Substitute this into equation $III$: $x(11-x) = 28 \implies 11x - x^{2} = 28$.
Rearranging gives the quadratic equation: $x^{2} - 11x + 28 = 0$.
Factoring the quadratic: $x^{2} - 7x - 4x + 28 = 0 \implies x(x-7) - 4(x-7) = 0 \implies (x-7)(x-4) = 0$.
Thus,$x = 7$ or $x = 4$.
If $x = 7$,then $y = 11-7 = 4$.
If $x = 4$,then $y = 11-4 = 7$.
Now,using equation $II$: $x-y+z = 0 \implies z = y-x$.
Case $1$: If $x = 7, y = 4$,then $z = 4-7 = -3$.
Case $2$: If $x = 4, y = 7$,then $z = 7-4 = 3$.
Since $x$ can be greater than $y$ or less than $y$,no fixed relationship between $x$ and $y$ can be established.

(C) Given equations are:
$I. x + 3y + 4z = 96$
$II. 2x + 8z = 80$
$III. 2x + 6y = 120$
From equation $(III)$,$2x = 120 - 6y$,so $x = 60 - 3y$.
Substitute $x$ into equation $(II)$:
$2(60 - 3y) + 8z = 80$
$120 - 6y + 8z = 80$
$8z - 6y = -40 \Rightarrow 4z - 3y = -20 \Rightarrow 3y = 4z + 20 \Rightarrow y = \frac{4z + 20}{3}$.
Substitute $x$ and $y$ into equation $(I)$:
$(60 - 3y) + 3y + 4z = 96$
$60 + 4z = 96$
$4z = 36 \Rightarrow z = 9$.
Now,find $y$:
$y = \frac{4(9) + 20}{3} = \frac{36 + 20}{3} = \frac{56}{3} \approx 18.67$.
Now,find $x$:
$x = 60 - 3(18.67) = 60 - 56 = 4$.
Comparing the values: $x = 4, y = 18.67, z = 9$.

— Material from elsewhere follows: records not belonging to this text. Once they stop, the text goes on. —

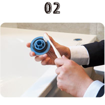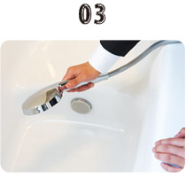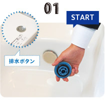 シャワーをかけながら排水ボタンを10回程度押し、排水口内部の汚れを流します。
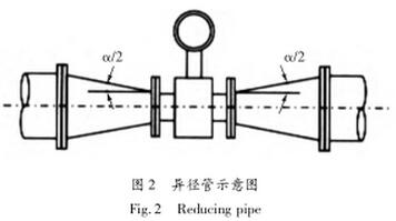 (12)當(dāng)管道內(nèi)流速偏低,工藝流量又較穩(wěn)定,為滿足儀表對流速范圍的要求,在儀表部分局部提報(bào)流速,可選擇流量計(jì)口徑小于工藝管道,并在流量計(jì)的前后加接異徑管。為了在安裝異徑管后不過多影響流場分布,不影響污水流量計(jì)的精度,要求異徑管的中心錐角α不大于15°,越小越好。這樣可把異徑管視為直管段的一部分。
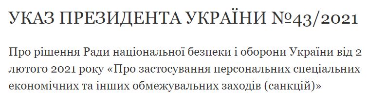 "В соответствии со статьей 107 Конституции Украины постановляю: ввести в действие решение Совета национальной безопасности и обороны Украины от 2 февраля 2021г "О применении персональных специальных экономических и других ограничительных мер (санкций)", - сказано в тексте указа.
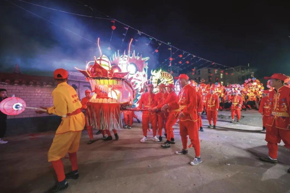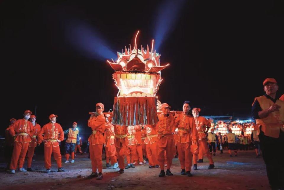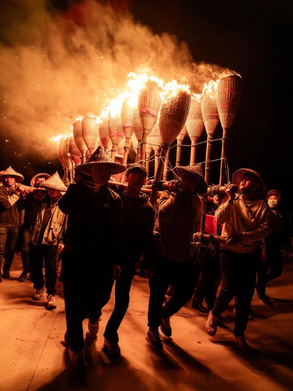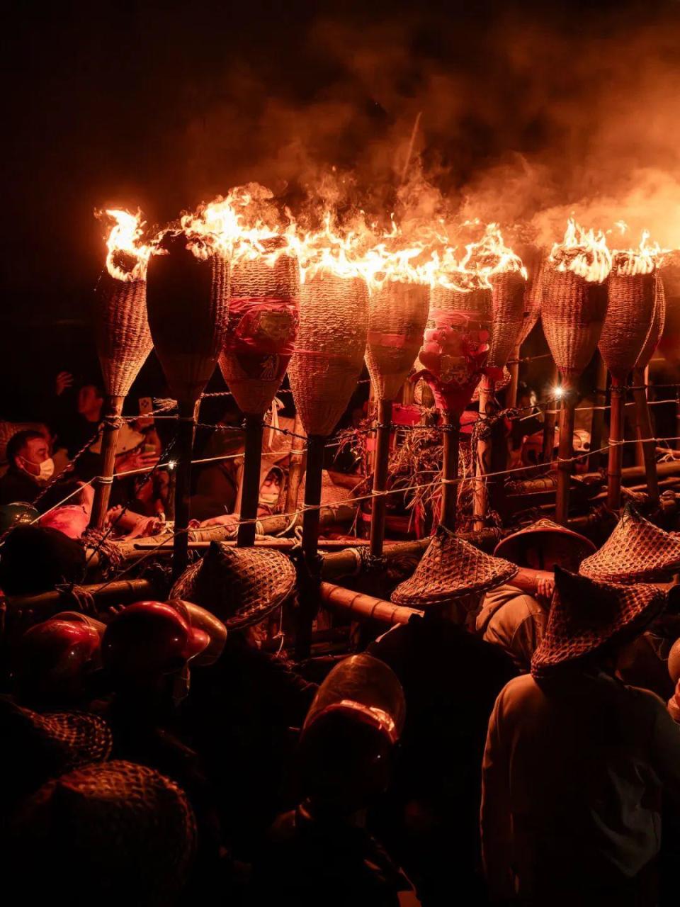 后江村位于陈岱镇最东边临海处,村内庙宇供奉的开漳圣王神,既是村里的祖先神,也是民俗神。每年元宵节,村民们都会宰猪杀羊举行祭祀仪式,邀请开漳圣王及诸位神明出社巡游。其间,村民还会举着自制的巨大火把绕村而行,寄托了沿海渔村对新年红红火火、平平安安的美好期冀。可以说,后江火把节是将祠堂家祭与庙会祭祀结合,构成带有海洋特质的民俗文化风情。

Thus,$x < z < y$,which implies $x < y$ and $y > z$. Therefore,$x < y > z$.

(B) For equation $I$: Let $k = \frac{3x}{3x+7}$. Then $k - \frac{1}{k} = 14 \implies k^2 - 14k - 1 = 0$.
Using the quadratic formula $k = \frac{14 \pm \sqrt{196 + 4}}{2} = 7 \pm 5\sqrt{2}$.

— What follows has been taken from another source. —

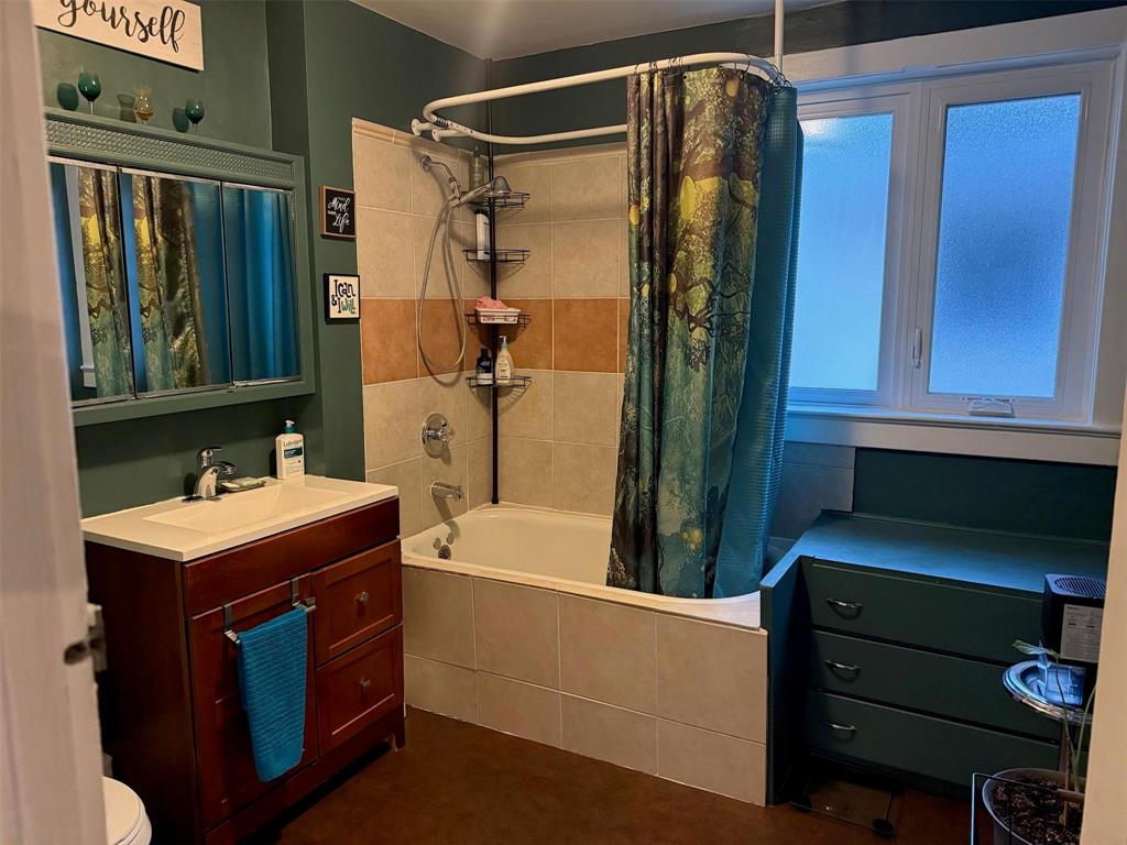 Large Bathroom with Soaker Tub & Built-in dresser/drawers.

Since $k = \frac{3x}{3x+7}$,we solve for $x$. Both roots for $x$ will be negative because the constant term in the resulting quadratic $126x^2 + 336x + 49 = 0$ is positive and the middle term is positive.
For equation $II$: Let $m = \frac{y}{18y-5}$. Then $m - \frac{1}{m} = 2 \implies m^2 - 2m - 1 = 0$.
Using the quadratic formula $m = \frac{2 \pm \sqrt{4 + 4}}{2} = 1 \pm \sqrt{2}$.
Solving for $y$,we find that the roots for $y$ are positive because the resulting quadratic $359y^2 - 190y + 25 = 0$ has a positive constant term and a negative middle term.
Since all values of $x$ are negative and all values of $y$ are positive,it follows that $x < y$.